Twenty Minutes Inside Professional Baseball.

These days, I often find myself recalling little incidents that occurred over the past 50 or 60 years. Usually the common element in these little events is that I screwed up in one way or another. I suppose this kind of reflection is common among those of us who have managed to achieve “elderly” status.

In December of 1978, for instance, the Hawaii Islanders, Honolulu’s minor league baseball team in the Triple-A Pacific Coast League, was in need of a new General Manager. 

A dozen years earlier, I had been the public address announcer for the Islander home games, but that was the sum total of my experience with professional baseball. Undaunted, however, I applied for the G.M. job anyway.  And I was hired. 

I did manage to generate some extra income for the ball club by selling a yearbook (left) and a scorecard for every home series against one of the other Pacific Coast League teams.

In those days, Islander home games were played in Aloha Stadium, which was owned by the State of Hawaii and run by a staff of civil servants who had seen several Islander GMs come and go.
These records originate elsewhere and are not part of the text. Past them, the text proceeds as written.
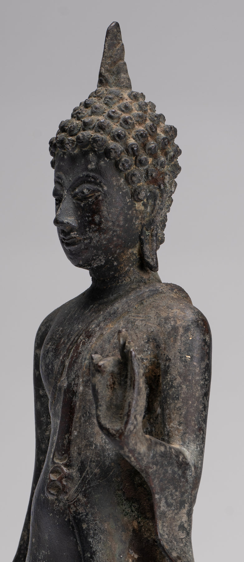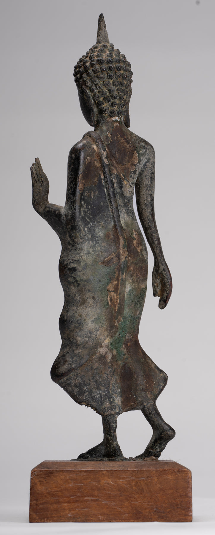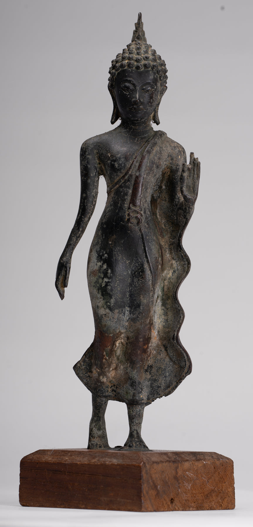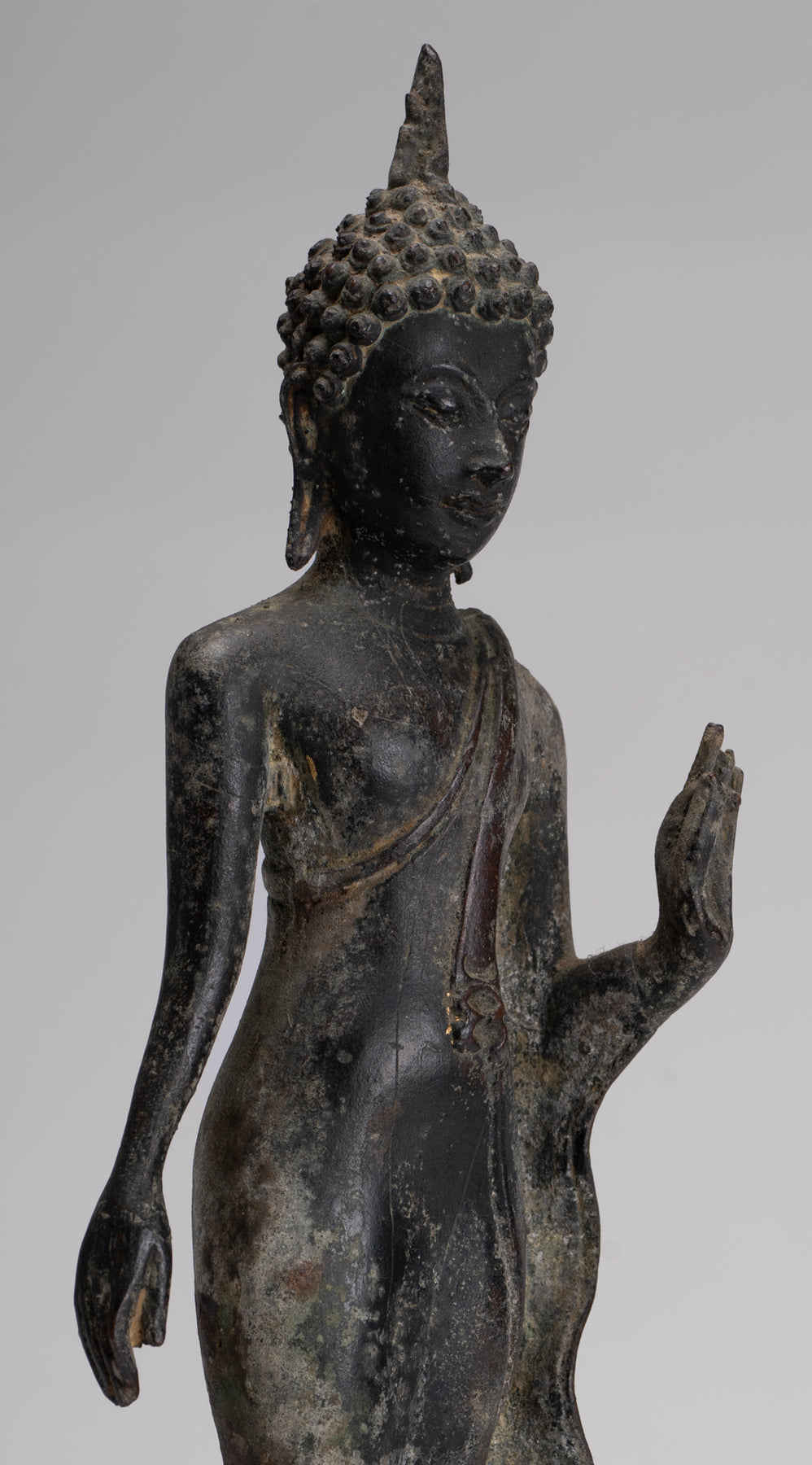 A stunning antique Sukhothai style Walking Buddha from Thailand.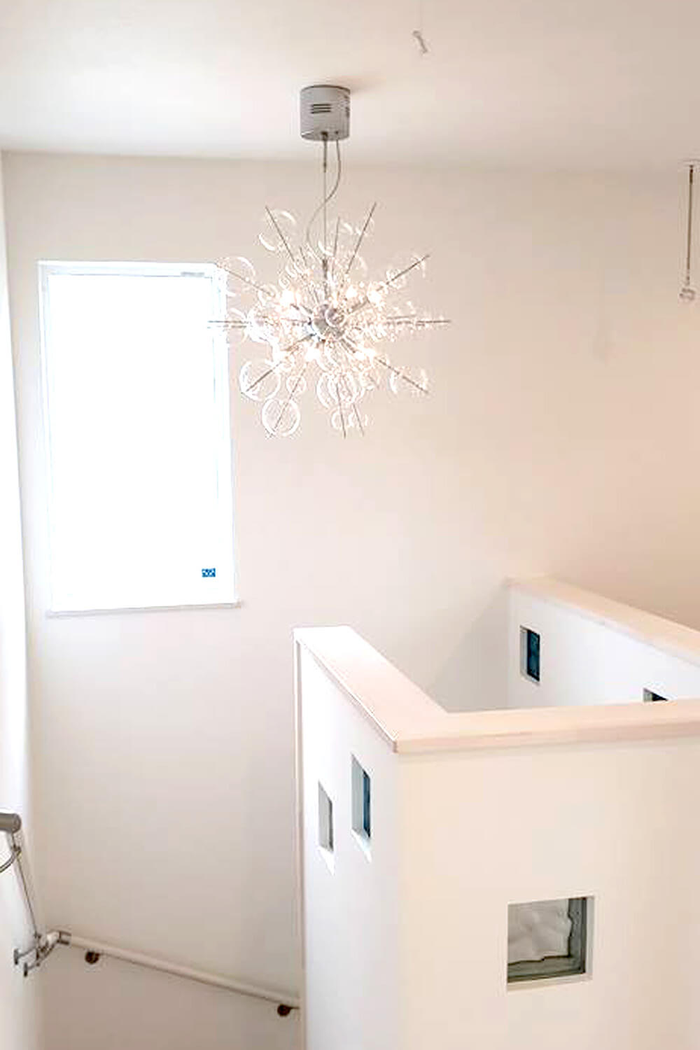 清潔感あふれる白い壁が印象的なリビングには、外からの柔らかな光がたっぷりと差し込み、主役であるこだわりのソファをより一層引き立てます。家族が毎日集うキッチンとダイニングも、明るく広々とした設計で開放感抜群。さらに、天井の高い階段スペースでは、計算された照明の陰影とアクセントのカラフルな窓が絶妙な調和を見せ、住まい全体の個性を際立たせています。暮らしの隅々までこだわりを詰め込んだ、理想の邸です。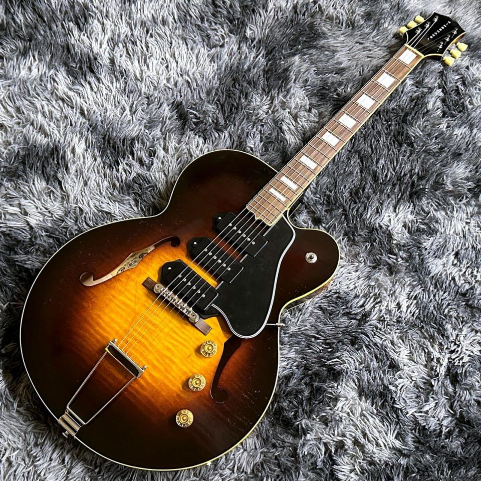 カール・パーキンス、ローウェル・フルソン、ゴリー・カーター等R&R、BLUESミュージシャンが黎明期に使用したP-90 3基搭載のフル・ボディ・フルアコ。そして何と言ってもモダンブルースの父Tボーン・ウォーカーのあのサウンド。B.B.キング、チャック・ベリー、ゲイトマウスブラウン等を魅了したそのプレイ、そしてそのアコースティック感を 持ちつつもキレの有るあのサウンド。そのサウンドを求めるべく企画。ピックアップは、独自にハンドワイヤリング製作し、低音がブーミーに成りすぎないようネック&ミドルピックアップはワイヤーのターン数を抑え、ブリッジピックアップは、やや多めにテンションを緩めにワインドし、キレがありながらもミッド&ローが力強いトーンとなるようにしている。合板が持つナイスなトーンを最大限にメリット化し独自なレイヤーを施してある。コントロールはSTと同じくToggle SWにて3つのP.U.切替、1 Masterl Volume & 2 Tone (Front Tone、Middle&Bridge Tone)仕様。2P.U.、1P.U.モデルと3モデル同時発売。そのフルボディ構造とピックアップとのバランスにより、先述のプレイヤーが残したサウ ンドを容易に出せるモデル群である。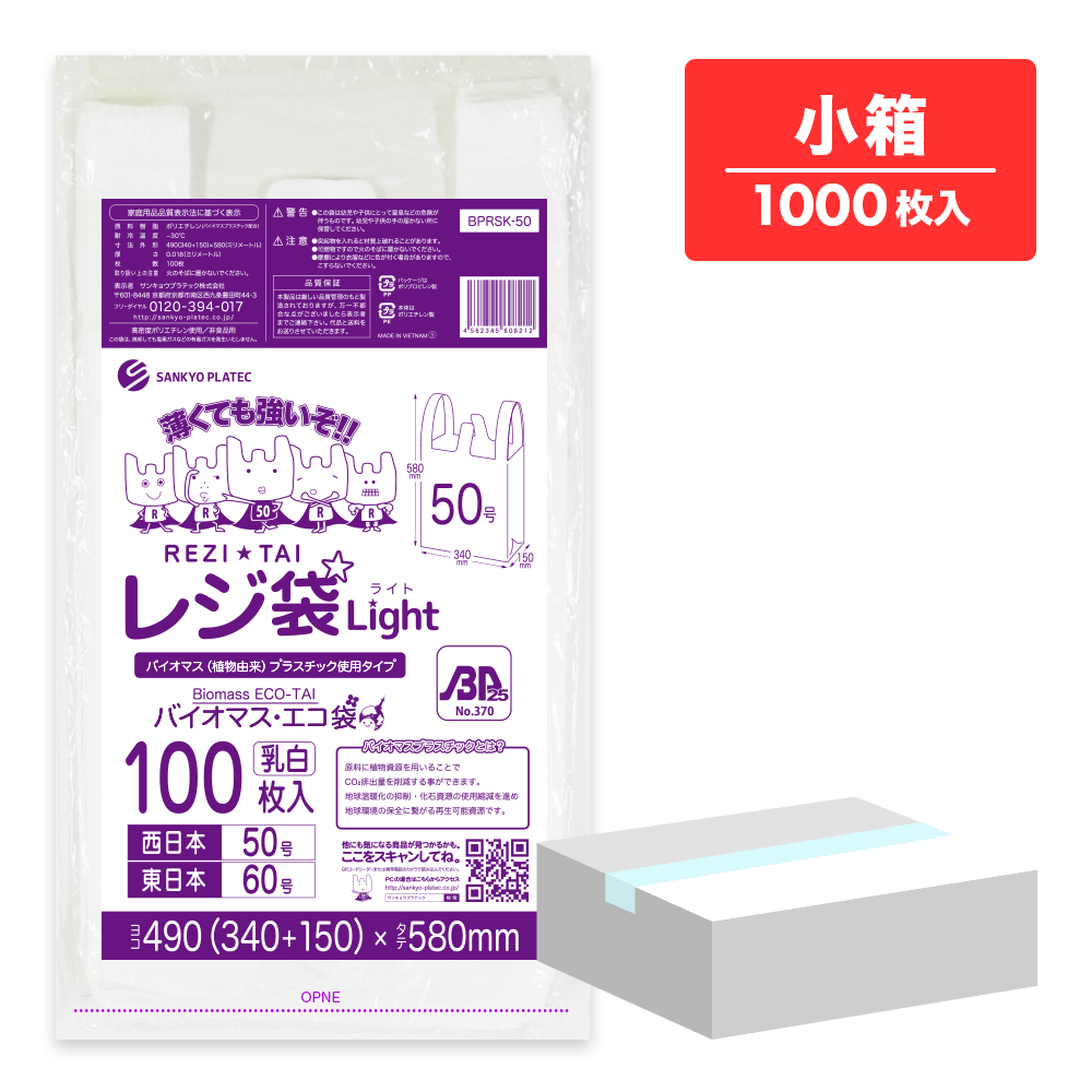 バイオマスプラスチック 25%配合 レジ袋 薄手 西日本 50号 (東日本60号) ブロック有 乳白 0.018mm厚 100枚x10冊 BPRSK-50kobako /手さげ袋 買い物袋 袋 3L 業務用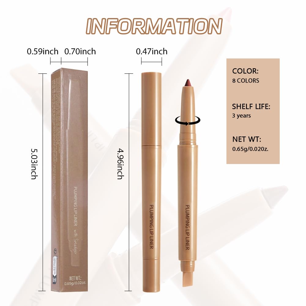 【Precision and Longevity Dual-Ended Lip Liner】This lip liner With Silicone Smudger boasts a creamy texture that glides over your lips, ensuring a smooth application without tugging or pulling. The precision tip allows for impeccable definition, enabling you to contour and fill your lips with ease corners for plump lips

To most of them, I was just someone who had no idea what he was doing and, therefore, would be a frequent source of amusing incidents for the next ten months. They were 100-percent right about that!

But the incident I remember most vividly occurred late one afternoon with a game scheduled for that night. I had pulled on an old Islander uniform and had gotten the OK to shag fly balls while the actual ballplayers took batting practice. 

Not more than five minutes after batting practice started, someone in the batting cage hit a towering fly ball than was clearly headed in my direction. And, in a spontaneous conspiracy, three or four nearby ballplayers stood aside to see if I could make the catch.

I remember squinting up into the afternoon sun trying to follow the flight of the ball. Of course, as it started to descend, I lost track of it and just seconds later, it glanced off my glove, struck me on the shoulder, and fell onto the Aloha Stadium turf two feet behind me.

As if it were yesterday, I can still hear two of the players snickering as I scrambled to retrieve the ball and throw it back into the infield.

I’ve probably recalled that incident a hundred times over more than 40 years. Yes, with some embarrassment, but it’s a fact that for 20 minutes on a sunny June afternoon in Hawaii, I was shagging fly balls with a half dozen real professional baseball players.

Never mind the dropped pop-up and the friendly snickering, that’s one memory I’ll always treasure. Of course, only real baseball fans will understand.